Note that if the relative velocity is much less than the speed of light ( ), then $\frac{v^2}{c^2}$ is extremely small, and the elapsed times $\mathrm{\Delta }t$ and $\mathrm{\Delta }{t}_0$ are nearly equal. At low velocities, modern relativity approaches classical physics—our everyday experiences have very small relativistic effects.

The equation $\mathrm{\Delta }t={\gamma \mathrm{\Delta }t}_0$ also implies that relative velocity cannot exceed the speed of light.
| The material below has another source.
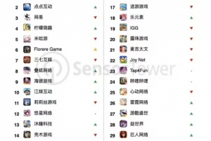 腾讯凭借旗下《王者荣耀》、《和平精英》和《PUBG MOBILE》等王牌手游的稳定表现,蝉联全球手游发行商收入榜冠军。
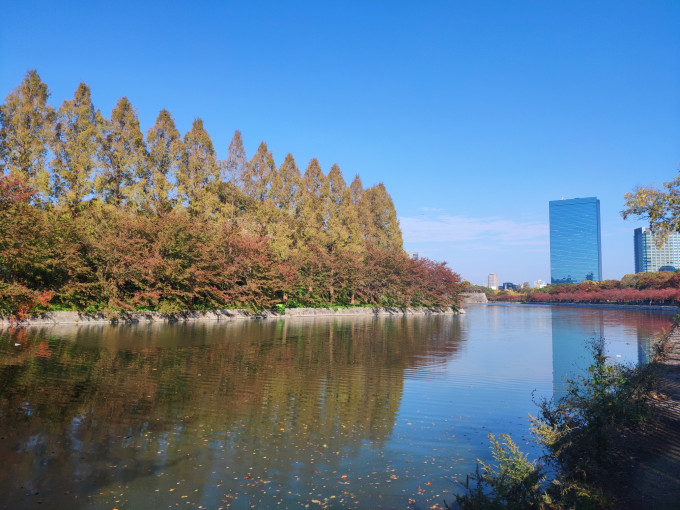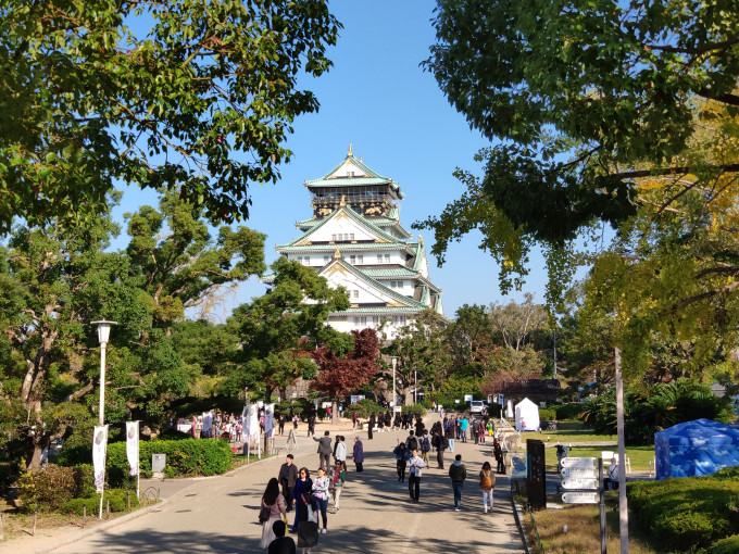 这条天气很好,做攻略的时候我对大阪城公园没报期望,但是日本植被很丰富,就像上图的风景,有半红半绿的枫叶,有黄色的银杏,还有各种绿色但树叶形态各异的植物,再配上蓝天白云,手机随便一拍都很美,值得一去。

As $v$ approaches $c$ , $\mathrm{\Delta }t$ approaches infinity. This would imply that time in the astronaut’s frame stops at the speed of light. If $v$ exceeded $c$ , then we would be taking the square root of a negative number, producing an imaginary value for $\mathrm{\Delta }t$ .

There is considerable experimental evidence that the equation $\mathrm{\Delta }t={\gamma \mathrm{\Delta }t}_0$ is correct. One example is found in cosmic ray particles that continuously rain down on the Earth from deep space. Some collisions of these particles with nuclei in the upper atmosphere result in short-lived particles called muons. The half-life (amount of time for half of a material to decay) of a muon is $1\text{.}\text{52}\mu \text{s}$ when it is at rest relative to the observer who measures the half-life. This is the proper time $\mathrm{\Delta }{t}_0$ . Muons produced by cosmic ray particles have a range of velocities, with some moving near the speed of light. It has been found that the muon’s half-life as measured by an Earth-bound observer ( $\mathrm{\Delta }t$ ) varies with velocity exactly as predicted by the equation $\mathrm{\Delta }t={\gamma \mathrm{\Delta }t}_0$ . The faster the muon moves, the longer it lives. We on the Earth see the muon’s half-life time dilated—as viewed from our frame, the muon decays more slowly than it does when at rest relative to us.